The House Health & Human Services Committee on Thursday conducted its first --- and last --- workshop on COVID-19 liability protections for health care providers.
The committee heard from representatives of hospitals, physicians and long-term care facilities who said the Legislature needs to make changes to protect them from a potential flood of lawsuits, while trial attorneys said current law provides adequate protections and that providing immunity will do more harm than good.
The discussion came after the House Civil Justice & Property Rights Subcommittee on Wednesday voted 11-6 along party lines to approve a bill (HB 7) that would offer COVID-19 liability protections for businesses. But that bill does not include health care providers, setting the stage for a separate debate about the health care industry.
While the issues in both House panels centered on liability protections, some lawmakers have wondered whether the Legislature should also consider providing protections to workers who were exposed to COVID-19 on the job.
Supporters of shielding health care providers from lawsuits point to the roles they have played during the pandemic.
Amanda Maggard, president and CEO of AdventHealth Zephyrhills and AdventHealth Dade City, told the Health & Human Services Committee that hospitals and their front-line staff stepped into harm’s way.
Hospitals have faced significant challenges, from a lack of personal protective equipment to thinly stretched staff. Despite that, Maggard said hospitals have been at the forefront in such things as helping nursing homes care for patients with COVID-19. She also said county health departments and local governments have relied on hospitals for guidance and support.
“Leadership at the front line comes with risks,” she said. “In these unprecedented times, we urge you to help us mitigate these risks.

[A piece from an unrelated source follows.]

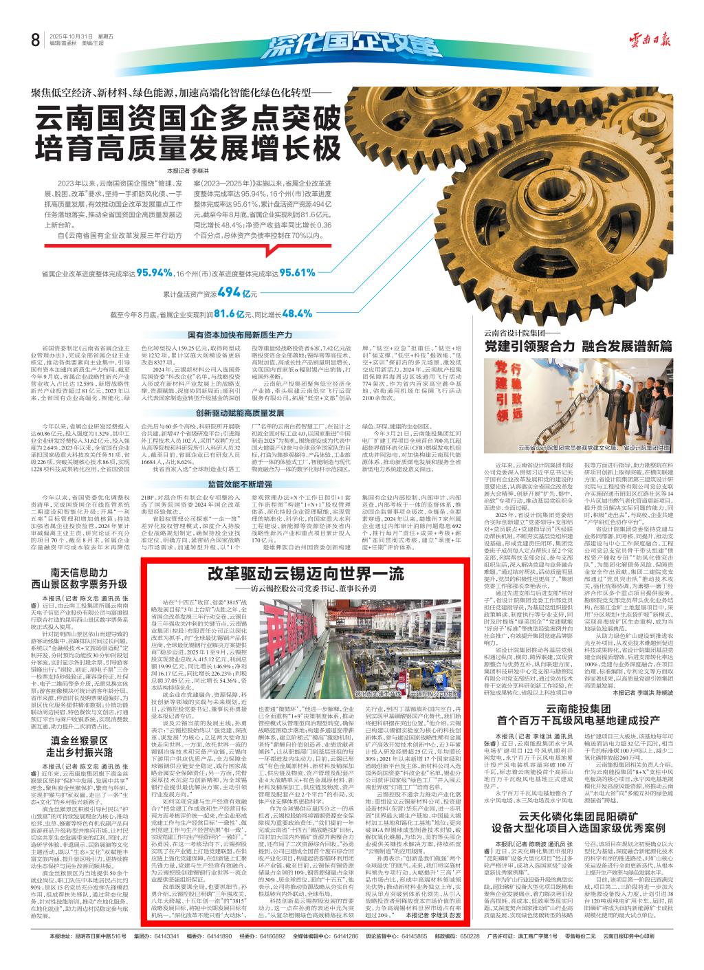 就企業在黨建融合、資源保障、科技創新等領域的實踐與未來規劃,近日,云錫控股公司黨委書記、董事長孫勇接受本報記者專訪。

The pandemic has forced changes in the delivery of care, and the liability implications are immense without greater protection.”
The Republican-led Legislature is expected to fast-track lawsuit limitations during the 2021 session, which starts March 2. Just how far the House and Senate go with those protections, however, remains to be seen.
Health & Human Services Chairwoman Colleen Burton, R-Lakeland, said Thursday’s discussion would be the only workshop held by her committee. Burton also said she expected any bill related to health care liability protections to come from a member and not the committee.
Physicians, hospitals and nursing homes were among the first groups to call for lawsuit protections during the pandemic, but they weren’t included in the bill that cleared the House subcommittee on Wednesday or in the Senate version of that bill (SB 72).
Coral Springs physician Jason Goldman told members of the Health & Human Services Committee about worries that a government-ordered shutdown of elective procedures and preventive screenings during the early stages of the pandemic will lead to an increase in litigation.
“It put the patients at risk for other conditions, even though we were trying to stop the spread of the pandemic. So patients were not able to get their routine procedures and evaluations. And what I am seeing months later is diagnoses for cancer and other conditions that had to be delayed for obvious reasons,” Goldman said. “And I worry about the liability, that they are going to now go on to claim there was a delay in their cancer diagnosis through no fault of my own or the medical profession but because we are in a pandemic and everything had to be shut down.”
But Jacksonville trial attorney Thomas S. Edwards said health care providers already have legal protections, such as pre-suit requirements before medical-malpractice claims can be filed.
Also, Edwards said that “if a doctor can’t get PPE (personal protective equipment), or can’t get their staff in because people are in quarantine, we can’t sue for that.”
Goldman told the committee he was worried that his staff was getting exposed to COVID-19 while on the job.
“As we know, some patients are without any symptoms, while others are extremely ill. I don’t turn anyone away,” he said. “With that, I still have to protect my staff as well as myself, and the issue of a patient coming in and either not being truthful with their symptoms or not knowing they have COVID symptoms puts them at great risk and puts us at great risk. So I worry that there may be an issue of my staff being exposed as well as myself being exposed and the potential liability of that.”
While Edwards didn’t agree the Legislature should limit lawsuits, he sympathized with Goldman about workplace safety. He told committee members tthey might want to consider making changes to workers’ compensation laws to better protect workers during the pandemic.
Data compiled by the state Chief Financial Officer Jimmy Patronis’ office show that 25,784 COVID-19-related workers’ compensation claims had been filed as of Nov. 30. Nearly 44 percent of those claims had been denied, according to the report. Of the denied claims, more than 44 percent were filed by health care workers and protective services, which includes first responders.
“You need to address that. Our health care workers deserve better than that,” Edwards said. “And if they get sick while they are forced to go on the front lines to deal with people with COVID every day, they should get protection through workers’ comp.”
Burton said she wasn’t aware that workers’ compensation claims were being denied but said it was one of “many questions that’s going to have to be answered moving forward.”